毕竟在半夜。。所以本来想水到12点就去睡觉的。。。结果一下次过了三题,发现第四题是个bfs,就打到了12:30.。。。BC貌似是没有了,不知道后面还会不会有,最近就打CF为主吧。。

 

A题:

http://codeforces.com/problemset/problem/676/A

应该算是比较水吧。没有什么坑点。直接枚举最大值在最左最右侧和最小值在最左最右侧四种情况。

 

代码:

#include <iostream>
#include <cstdio>
#include <cstdlib>
#include <cmath>
#include <cstring>
#include <algorithm>
#include <set>
#include <map>
#include <queue>
#include <vector>
#include <string>
#define LL long long

using namespace std;

int main()
{
    //freopen("test.in", "r", stdin);
    //freopen("test.out", "w", stdout);
    int n, t, indexone, indexn;
    while (scanf("%d", &n) != EOF)
    {
        for (int i = 0; i < n; ++i)
        {
            scanf("%d", &t);
            if (t == 1) indexone = i;
            if (t == n) indexn = i;
        }
        printf("%d\n", max(max(indexone, n-1-indexone), max(indexn, n-1-indexn)));
    }
    return 0;
}
View Code

 

B题:

http://codeforces.com/problemset/problem/676/B

ccpc热身赛一题的简化版,首先我可以把所有的酒强行先倒入第一杯,然后让它一层一层往下流。暴力模拟一遍就可以了。上一层的第i杯,会流入下一层的第i杯和第i+1杯。

 

代码:

#include <iostream>
#include <cstdio>
#include <cstdlib>
#include <cmath>
#include <cstring>
#include <algorithm>
#include <set>
#include <map>
#include <queue>
#include <vector>
#include <string>
#define LL long long

using namespace std;

double a[2][10000];

int main()
{
    //freopen("test.in", "r", stdin);
    //freopen("test.out", "w", stdout);
    int n, t, ans;
    double tmp;
    while (scanf("%d%d", &n, &t) != EOF)
    {
        bool flag;
        ans = 0;
        a[1][1] = t;
        for (int i = 1; i <= n; ++i)
        {
            memset(a[(i+1)%2], 0, sizeof(a[(i+1)%2]));
            flag = true;
            for (int j = 1; j <= i; ++j)
            {
                if (a[i%2][j] >= 1)
                {
                    tmp = a[i%2][j]-1;
                    ans++;
                    a[(i+1)%2][j] += tmp/2.0;
                    a[(i+1)%2][j+1] += tmp/2.0;
                    flag = false;
                }
            }
            if (flag) break;
        }
        printf("%d\n", ans);
    }
    return 0;
}
View Code

 

C题:

http://codeforces.com/problemset/problem/676/C

当时比较直接的想法就先求出把前i段都变成同样字符的代价的所有前缀和suma, sumb。这样就可以求解任意区间变成同样字符的代价了。

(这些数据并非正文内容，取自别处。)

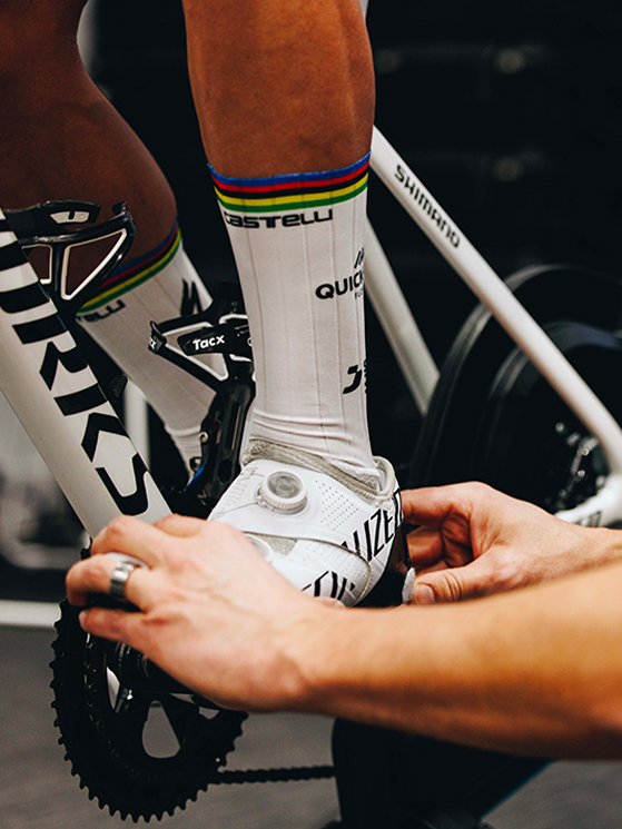 Un ginocchio può muoversi troppo lateralmente per colpa di una sella sbagliata, sella troppo alta, collasso piede e dell’avampiede, una differenza di lunghezza delle gambe, oppure delle tacchette posizionate male. Se non abbiamo fatto una buona valutazione fisica andiamo avanti a tentativi e rischiamo di amplificare il problema o di crearne uno nuovo. Il feedback del ciclista è molto importante ma, durante il fit, è abbastanza raro che sia preciso e sicuro, sempre meglio aspettare quello delle successive uscite su strada.

然后枚举区间左值,二分区间右值。就可以求解了。这样的复杂度是nlogn

但是考虑到区间右值其实具有单调性。于是我可以从后往前遍历区间左值,那么区间右值要么不变,要么是上一次的位置往前移动。于是用两个指针就可以2n时间内完成了。

 

代码:

#include <iostream>
#include <cstdio>
#include <cstdlib>
#include <cmath>
#include <cstring>
#include <algorithm>
#include <set>
#include <map>
#include <queue>
#include <vector>
#include <string>
#define LL long long

using namespace std;

const int maxN = 100005;
int n, k;
int suma[maxN], sumb[maxN];
char str[maxN];

void input()
{
    scanf("%s", str);
    suma[0] = sumb[0] = 0;
    for (int i = 0; i < n; ++i)
    {
        if (str[i] == 'a')
        {
            suma[i+1] = suma[i];
            sumb[i+1] = sumb[i]+1;
        }
        else
        {
            suma[i+1] = suma[i]+1;
            sumb[i+1] = sumb[i];
        }
    }
}

int getLen(int from)
{
    int ans, lt = from, rt = n, mid;
    while (lt+1 < rt)
    {
        mid = (lt+rt)>>1;
        if (suma[mid]-suma[from-1] > k) rt = mid;
        else lt = mid;
    }
    if (suma[rt]-suma[from-1] <= k) ans = rt-from+1;
    else ans = lt-from+1;

    lt = from; rt = n;
    while (lt+1 < rt)
    {
        mid = (lt+rt)>>1;
        if (sumb[mid]-sumb[from-1] > k) rt = mid;
        else lt = mid;
    }
    if (sumb[rt]-sumb[from-1] <= k) ans = max(ans, rt-from+1);
    else ans = max(ans, lt-from+1);
    return ans;
}

void work()
{
    int ans = 0;
    for (int i = 1; i <= n; ++i)
        ans = max(ans, getLen(i));
    printf("%d\n", ans);
}

int main()
{
    //freopen("test.in", "r", stdin);
    //freopen("test.out", "w", stdout);
    while (scanf("%d%d", &n, &k) != EOF)
    {
        input();
        work();
    }
    return 0;
}
View Code

 

D题:

http://codeforces.com/problemset/problem/676/D

这题是个bfs,比较容易看出来。首先我设置一个二进制状态1111,四位,最高位表示上方有门,第二位表示右方有门,第一位表示下方有门,最低位第0位表示左方有门。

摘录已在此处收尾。